In Minna Proctor's book Do You Hear What I Hear?, the author describes a woman named Hannah Anderson, a former Quaker who had converted to the Episcopal Church and became a priest within that church. After some time of straddling the two denominations, the decision to take the leap and convert to her new church is described this way:
...she reports, on her way to Ohio, where she was the keynote speaker for the yearly meeting with Barnesville Friends, she heard a voice. "It was an internal, but very clear voice: It's time. Are you ready? And I knew what it was about." She arrived at the conference, delivered the keynote address, and then told her sponsors that she wouldn't be staying for the rest of the conference, because she was going to go home and leave the Quaker denomination to join the Episcopal Church.Since I have a Quaker background myself, and because I have lately been hanging out in a mainline denomination (in my case, the United Church of Christ), the above passage interested me, but at the same time it also appalled me.

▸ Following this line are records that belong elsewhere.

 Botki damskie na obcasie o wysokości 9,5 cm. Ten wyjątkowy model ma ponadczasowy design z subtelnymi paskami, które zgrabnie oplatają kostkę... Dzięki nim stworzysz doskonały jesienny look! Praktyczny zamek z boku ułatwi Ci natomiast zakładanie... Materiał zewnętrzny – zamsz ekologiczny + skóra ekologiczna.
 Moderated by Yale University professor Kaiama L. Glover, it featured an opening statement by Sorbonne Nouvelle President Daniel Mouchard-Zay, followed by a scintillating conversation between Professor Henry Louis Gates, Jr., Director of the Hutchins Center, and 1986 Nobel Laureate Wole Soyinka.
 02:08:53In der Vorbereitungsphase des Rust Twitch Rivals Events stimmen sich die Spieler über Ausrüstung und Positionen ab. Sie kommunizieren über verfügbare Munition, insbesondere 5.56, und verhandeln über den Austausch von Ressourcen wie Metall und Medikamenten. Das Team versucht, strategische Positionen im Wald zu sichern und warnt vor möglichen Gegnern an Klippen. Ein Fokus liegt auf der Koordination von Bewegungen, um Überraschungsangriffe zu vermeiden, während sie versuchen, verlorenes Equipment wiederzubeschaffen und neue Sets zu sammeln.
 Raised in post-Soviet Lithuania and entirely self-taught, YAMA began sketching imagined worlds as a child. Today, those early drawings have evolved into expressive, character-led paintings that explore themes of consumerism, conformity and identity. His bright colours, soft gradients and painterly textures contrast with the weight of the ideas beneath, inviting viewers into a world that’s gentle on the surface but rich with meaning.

"Some people were hurt by my declaration, stunned, some people even called me a traitor. But I'd heard that call, so I came home and set up a Sunday for baptism. I was baptized along with a twelve-year-old girl and an infant baby. It was glorious."

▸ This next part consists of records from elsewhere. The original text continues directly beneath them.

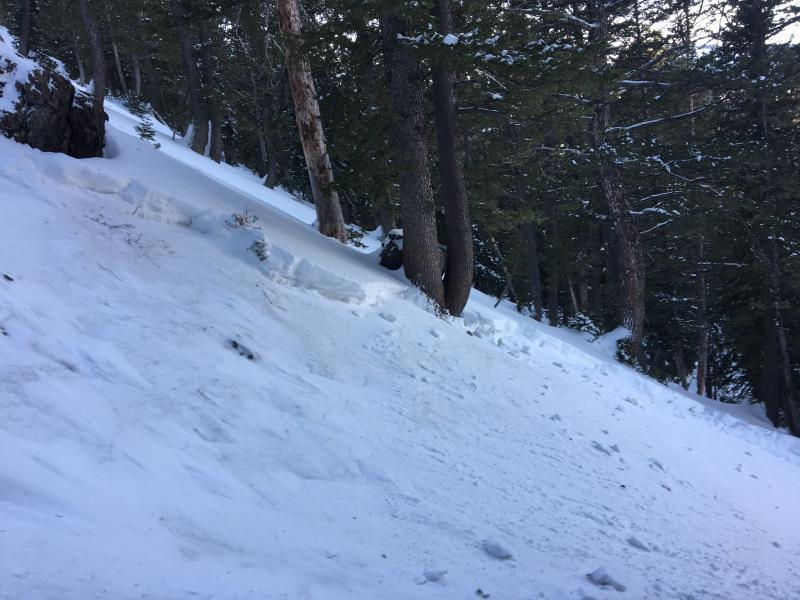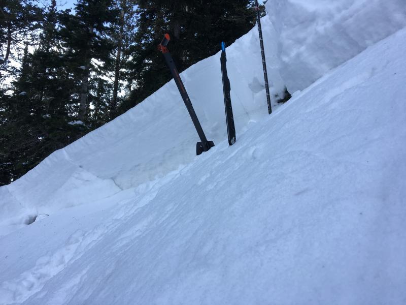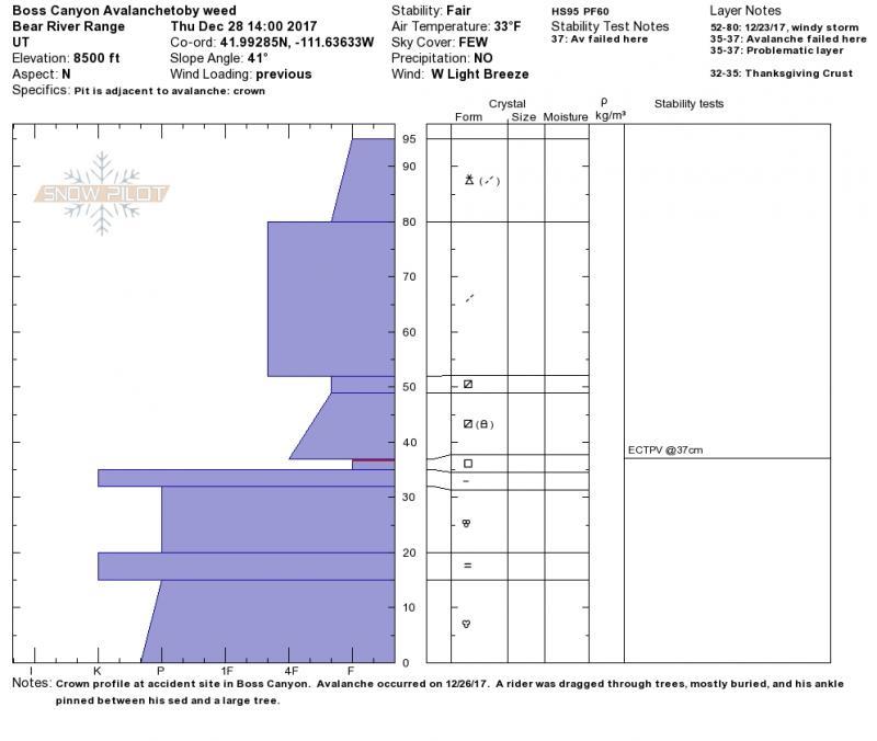 Two moist storms ending on Christmas Day deposited 25" of snow and almost 4" SWE as measured by the Tony Grove Snotel, about 5 miles to the south of the avalanche site. Constant westerly winds battered the northern Bear River Range during this time, and a slab was formed on weak faceted snow from the 3-week-long December high pressure system.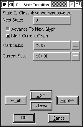 This can apply a substitution to the current glyph, a different substitution to the marked glyph, and it may mark the current glyph. The substitutions are indicated by 4 character tags and should be "Nested" substitutions which may be created by the Element->Char Info dialog. | This can insert a string (up to 31 glyphs) before or after the current and the marked glyphs. | Kerning does not have a single "mark"ed glyph, instead it can push up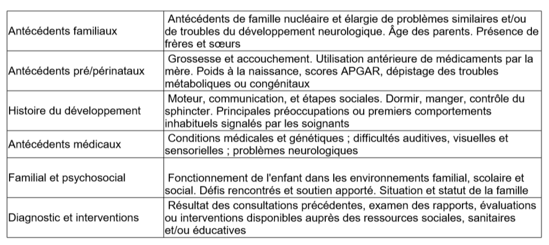 L'évaluation diagnostique doit commencer par un historique clinique détaillé afin d'établir la trajectoire de développement de l'individu, ses antécédents médicaux, son niveau de développement et les facteurs familiaux ou sociaux pertinents (voir tableau 5) [5].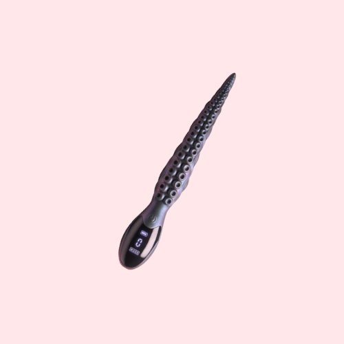 - Fantasy Vibrator: This tapered, textured, tentacle is covered with octopedal suckers and shines with a metallic, iridescent teal color. Grab hold of it via the round base and slide it inside!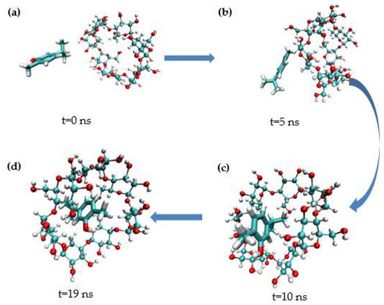 Representative images from carvacrol and β−CD simulation. (a) t = 0 ns; (b) t = 5 ns; (c) t = 10 ns; (d) t = 19 ns.

Even though I don't attend Quaker worship anymore, I still hold many traditional Quaker beliefs and values. For example, Quakers don't practice any of the traditional Christian sacraments--including the usual Protestant ones, baptism and communion--and while I don't object to these sacraments per se, I also don't particularly find them necessary or important to me or my religious life. What bothered me in this tale of Hannah Anderson's conversion was the sense that her membership in Quakerism and her years of service within that historically Christian denomination counted for nothing when she wanted to become a member of this new church. She had to be baptized.

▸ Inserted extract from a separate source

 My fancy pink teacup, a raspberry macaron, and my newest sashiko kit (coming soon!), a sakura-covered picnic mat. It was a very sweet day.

The impression I get, from doing some internet research, is that Episcopalians (and probably many other mainline Christian bodies) generally don't require you to be baptized into their church for membership if you were a member of another denomination that practiced baptism. The implication is clear; membership in the Quaker body is perceived to be deficient, inferior, or invalid in some sense. While members of other denominations get certain transfer privileges, Quakers do not, and it is irrelevant that you were accepted as a member in the Religious Society of Friends.
As I alluded, I doubt that the Episcopalian church is alone in this attitude. Probably most Christian denominations give great significance to this ritual. This vital importance to the act of baptism is probably an attitude to be found almost everywhere among Christian churches that practice baptism. Baptism is seen not just as a ritual, like lighting a candle or carrying a cross in a procession, but rather as a sacrament, one that carries some sort of special, magical powers. My guess would have been that even the United Church of Christ, a denomination I have become increasingly involved with and which I respect a great deal for its tolerance and progressive outlook, draws the line on this matter--I would have thought so, except that when I had a lunch conversation with my pastor about membership, the subject of baptism didn't even come up. Still, the UCC web sites do talk about baptism, and the ritual is practiced in UCC churches, so it isn't clear to me where baptism exactly fits within the concept of membership within this denomination.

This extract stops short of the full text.